If you truly are interested in performance tuning database queries you need to get a big fat book on the subject for the database of your choice. Performance tuning is very database specific. That said, one commmon issue in tuning queries that you must be aware of no matter the database is that the tuned query should return exactly the same result set as the original query but be faster. Sometimes people tuning forget this basic thing and end up with a query that is faster but doesn't do the same thing.
Problems in database queries -
Wrong results - the query doesn't actually do what you want it to do
Performance - the query times out or is too slow. Many things can cause this but a couple of common causes are bad database design (do not use EAV tables for instance), use of poorly performing query techinques such as correlated subqueries, looping through records one at a time, lack of correct indexing, statistics out of date, queries that are not sargeable and of course hardware and network issues.

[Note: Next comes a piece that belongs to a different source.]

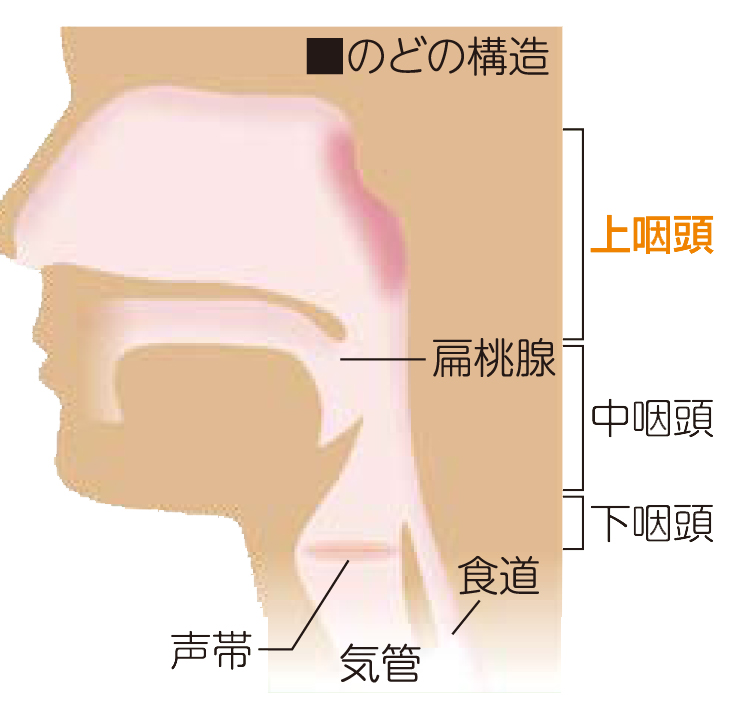 咽頭は場所によって上咽頭、中咽頭、下咽頭に分かれており、上咽頭は鼻の奥からはじまり、下咽頭はのどボトケの下あたりまでになります。

For Inserts,updates, deletes - there can be problems with data integrity due to poor database design (lack of foreign keys, lack of default values, lack of constraints) or query design. SOmetimes people choose to make thier own autoincrementing field instead of using whatever comes with the datbase. These can run into concurrency issues.
Security - database does not properly protect it's data (encryption of Personal data, coding to avoid injection attacks, limiting rights to do things to the dat, etc.)
Lack of testing of edge cases - this is a frequent problem in dynamic SQl and triggers especially when developers only consider the most common case and the thing breaks when the edge case hits it.